We have a requirement to not track data from certain countries. Right now we’re removing the data at the end of the pipeline (deleting from Redshift based on queries), but ideally we wouldn’t let these events get this far along in the pipeline.
Is it possible to drop events earlier? During enrichment, we use the Maxmind GeoIP enrichment so that would be one stage.
Note though that this approach will result in events going into the Failed Events bucket. I don’t think there is currently a way to discard them completely.
One option is to detect the location client-side, and just never track it in the first place.
Obviously it’s not always possible, but has worked well for others in the past.
This is a good approach depending on where you want to remove this data. It’s also not uncommon to do this at the load balancer / WAF / CDN level where you restrict what countries can access your load balancer - in that sense it then becomes impossible for you to collect this data.
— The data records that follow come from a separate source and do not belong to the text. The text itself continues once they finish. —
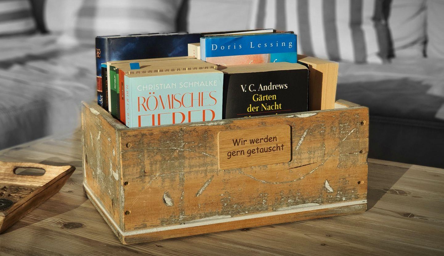 Apropos Bücherregal, es gibt eine kleine Tauschbörse mit Büchern. Hier können gerne Bücher getauscht werden. Außerdem gibt eine Mini-Ostsseebibliothek mit Büchern zum Thema Ostsee, Schleiregion, Reiseführer etc. Wir freuen uns sehr auf Ihren Besuch in unserem Traumapartment!
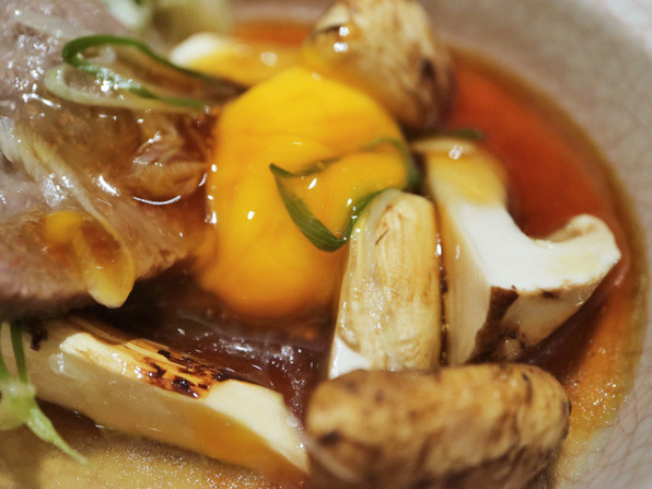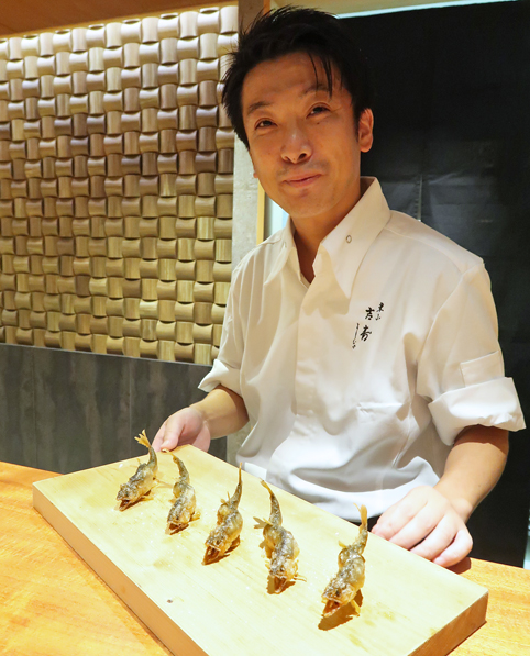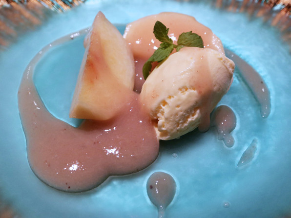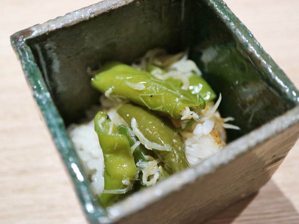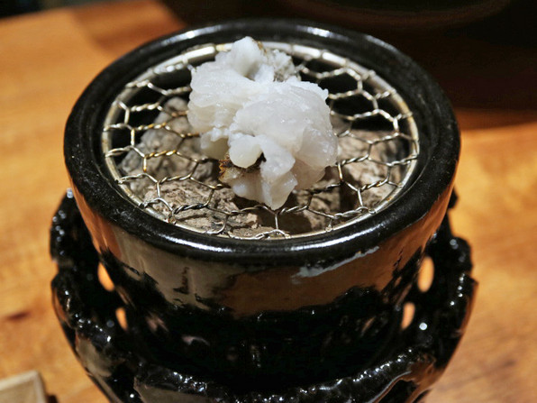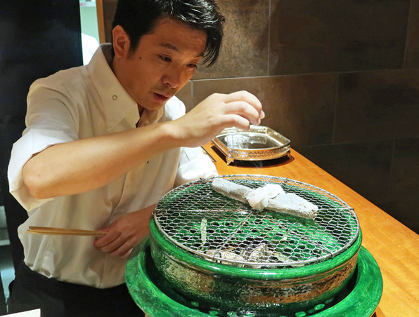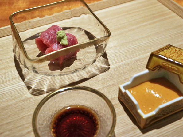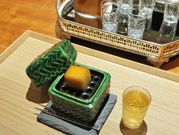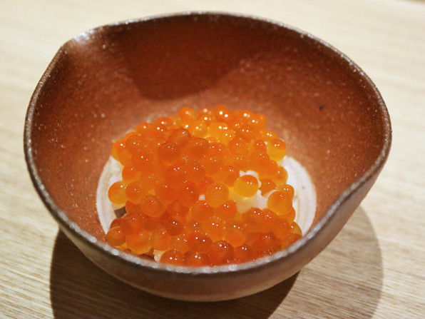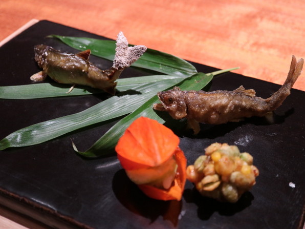 ●まぐろでも、そのままわさびと醤油で食べるのと、少し炙って塩辛卵黄酢で食べるのがあったり、鮎もシンプル塩焼きと揚げてから焼いたのと2種類あったり、さらに牛肉もシンプルしゃぶしゃぶと、すき焼き風味にするのと2度食べさせてくれたりして、飽きないわ、楽しいわ、心を奪われるわ\(^o^)/\(^o^)/\(^o^)/ チーズの燻製とミニハイボールなんかも出てきました。ご飯はいくらご飯と万願寺ちりめん山椒ご飯の2種類でした。デセールも目の前で仕上げて、店主さんの手元にみんなの視線が集中するようになっています(^o^)(^o^)
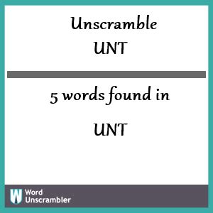 We have listed all the words in the english dictionary that have the letters u, n, and t in, have a look below to see all the words we. There are 0abbreviations with unt in. Web find all words ending in unt. We've got the complete scrabble® us and uk word lists too. Web find words containing the letters unt in order. Web 5 letter words that contain unt simply look below for a comprehensive list of all 5 letter words containing unt along with their coinciding scrabble and words with friends. Web found 151 words that end in unt. Defeat any word game when you know the best words. Web find all 6 letter words that contain un and t (ntu) by using one of our dictionaries. Or space) search select game words with friends words with the letters unt words with the letters.

All good ideas, thanks. We will consider removing data within Redshift, but my next question is can RDB loader emit an event to another process (webhook or similar) after it performs a load into Redshift? We would use that to trigger event deletion.
I saw the folder monitoring support in RDB loader, but for our use case we need a webhook called (ideally) after each “RDB load”
Hi @pt-mike, yes the loader does have a webhook for this. It is configured in this section of the config file. If you configure this webhook then you get two types of messages:
- A load_succeeded message, conforming to this schema whenever a batch is successfully loaded.
- An alert message, confirming to this schema whenever a batch fails, or for various other exceptions.